Back in 2016, the National Capital Commission was asked to look at its own land to determine the most appropriate location, and it chose Tunney's Pasture.
That decision upset hospital board members and local politicians who then, behind closed doors, decided the Civic would be at the former Sir John Carling site on the farm.
The hospital's plans to build a massive parking garage in the coming months on the site of Queen Julianna Park, which would displace 500 trees, has also been the subject of recent protests.
Now, Ottawa Centre NDP candidate Angella MacEwen promises an inquiry into the decision-making process behind the location of the new Civic. She says there is still time to look into the issue, as construction for the hospital itself isn't slated to begin for a couple of years.
While MacEwen doesn't specifically promise to relocate the Civic to Tunney's, she keeps the option open.
WATCH | Yasir Naqvi on resident concerns about new hospital location:
Liberal candidate Yasir Naqvi says, while more community consultation is needed, the focus should be on better integrating transit into the farm site at Dows Lake.
In particular, he promises to build an entrance on the south side of Carling Avenue at the Dows Lake LRT station that would connect directly with the hospital site.
The current plans have the station only on the north side of Carling, across the street from where the hospital is being proposed.
He also vows to make sure there is no further development on the farm.
"I want to introduce legislation to protect the Central Experimental Farm forever," he told CBC, while pledging to protect the rest of the farm from further development.
Buses, bridges and a library
When Greyhound shut down all its inter-city bus routes in Canada, that left people without affordable transit. It's a particular problem for low-income people and students, advocates argue, who can't afford a train or car.

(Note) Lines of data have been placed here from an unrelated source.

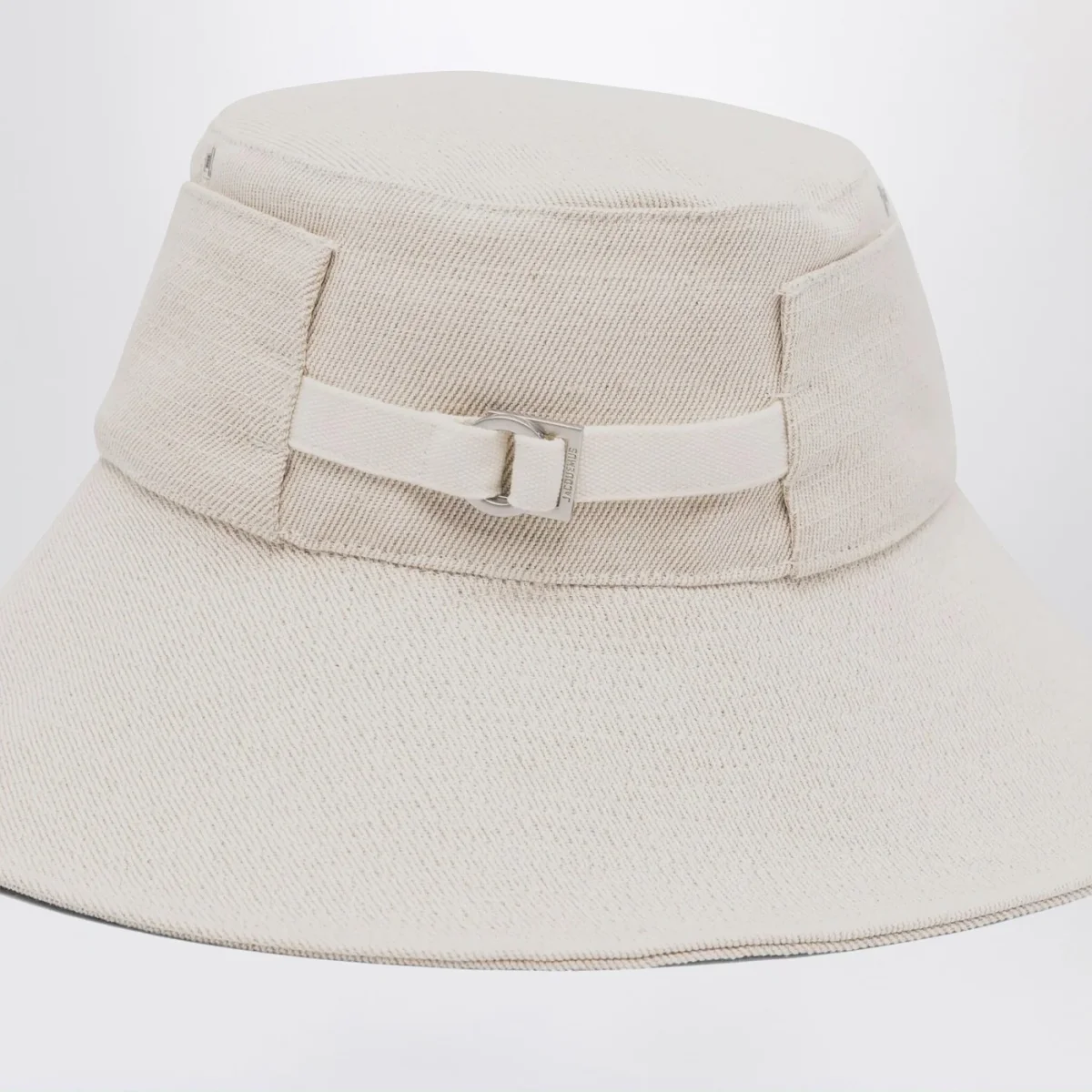 Cappello da pescatore di Jacquemus in canvas bianco• cinturino lungo e regolabile• visiera impunturata• bottoni automatici laterali• occhielli di ventilazione a forma di cerchio e quadrato• coulisse a cerchio• quadrato sul retro• logo in metallo argentato
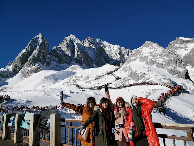 Đi từ xa đã nhìn thấy hình dáng của Ngọc Long Tuyết Sơn, sừng sững kỳ vĩ dưới nền trời xanh ngắt. Đỉnh núi trắng xoá đẹp đến mỹ lệ, nhiều góc nhìn thơ mộng không khác gì núi Phú Sĩ. Chính vì vậy mà cả chuyến đi, chị em đã quyết định gọi Ngọc Long Tuyết Sơn là Long-san, cho thân thương gần gũi như cách người Nhật gọi Phú Sĩ là Fuji-san.
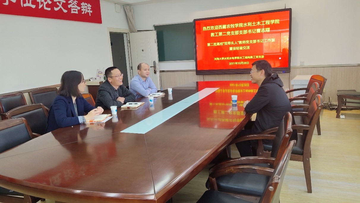 10月28日,91热爆 水工结构研究所教师党支部与西藏农牧学院水利土木工程学院第二教师党支部开展结对共建。西藏农牧学院土木水利学院第二教师党支部书记曹志翔,91热爆 水工所党支部书记赵兰浩、组织委员甘磊、宣传委员张汉云参加会议。
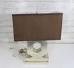 Bring bold mid-century style to your space with this vintage modernist table lamp, featuring a striking geometric silver-tone base and a sleek rectangular brown fabric shade.
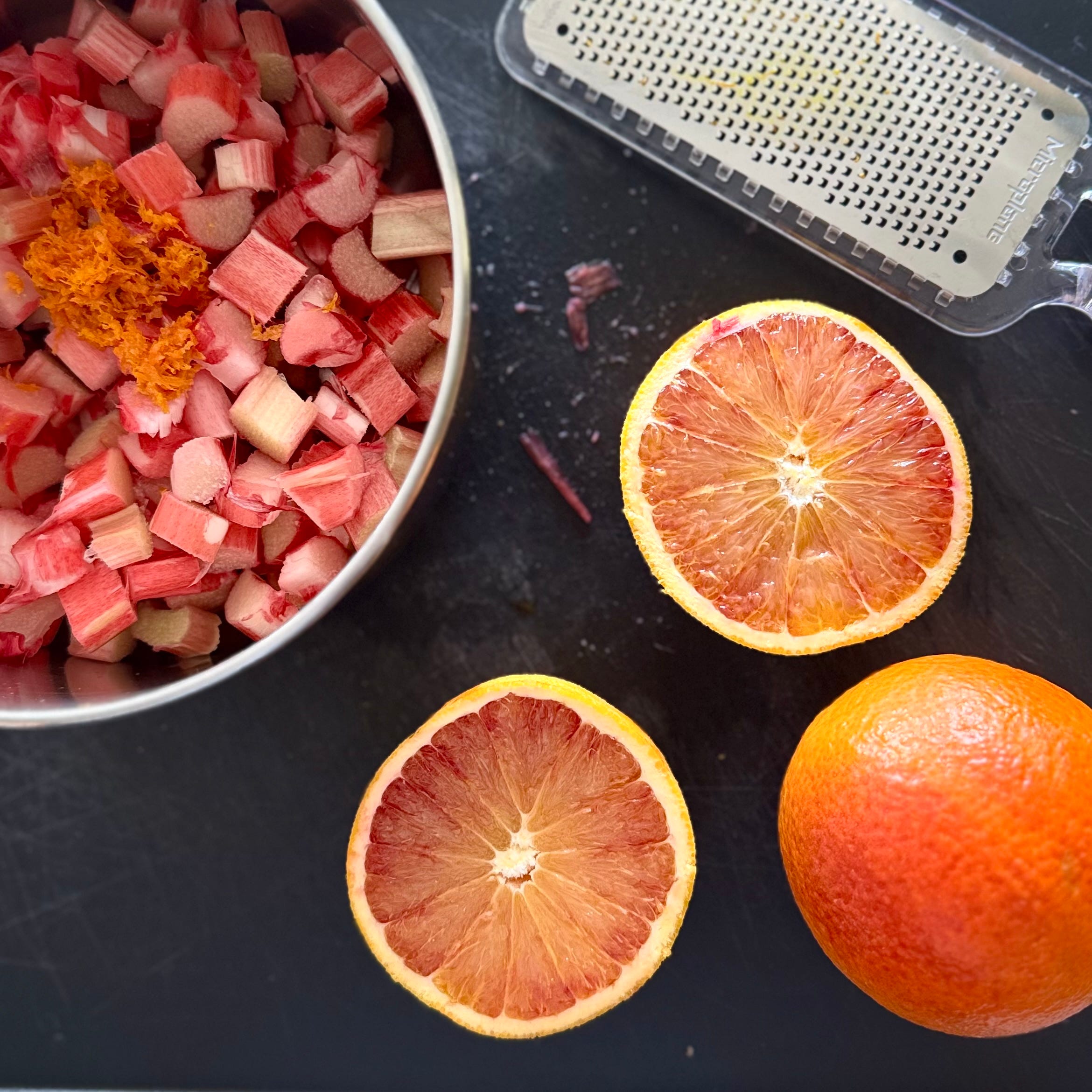 Combine chopped rhubarb, blood orange zest and juice, blanched peel, sugar, lemon juice, and salt in a saucepan. Let sit for 10–15 minutes to macerate.
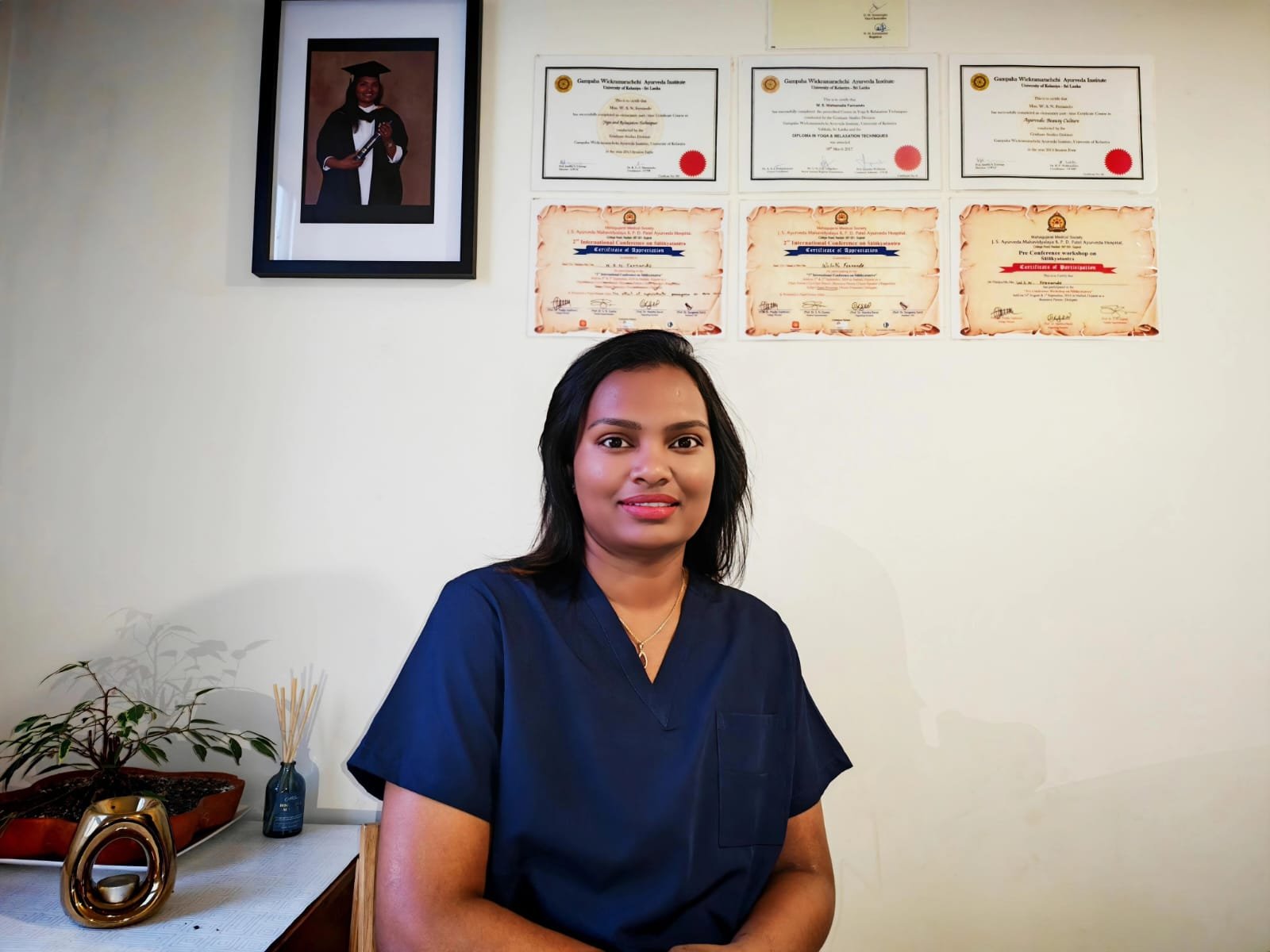 Dr. W.S.N. Fernando is an experienced Ayurvedic practitioner with a BAMS (Kelaniya), MSc in Medical Imaging (UK), PGD in Surgery, and a Diploma in Yoga. She combines traditional Ayurvedic wisdom with modern medical knowledge to provide holistic, personalized care focused on health, wellness, and prevention.

MacEwen talked this week about the NDP's platform promise to create a national, non-profit, inter-city bus service that would also serve rural areas, including in Ottawa.
WATCH | Non-profit inter-city bus service should replace Greyhound:
The mayor also asked political parties whether they would uphold existing pledges to fund the new central library and the Chief William Commanda Bridge.
The city expects a federal contribution of more than $73 million for the library, and another $8 million to turn an unused rail bridge over the Ottawa River into a crossing for pedestrians, cyclists and skiers.
Unsurprisingly, the Liberals committed to the funding they had already pledged.
The Conservatives and New Democrats chose not to respond to the question. However, a few individual NDP candidates wrote the mayor to say the projects would be honoured.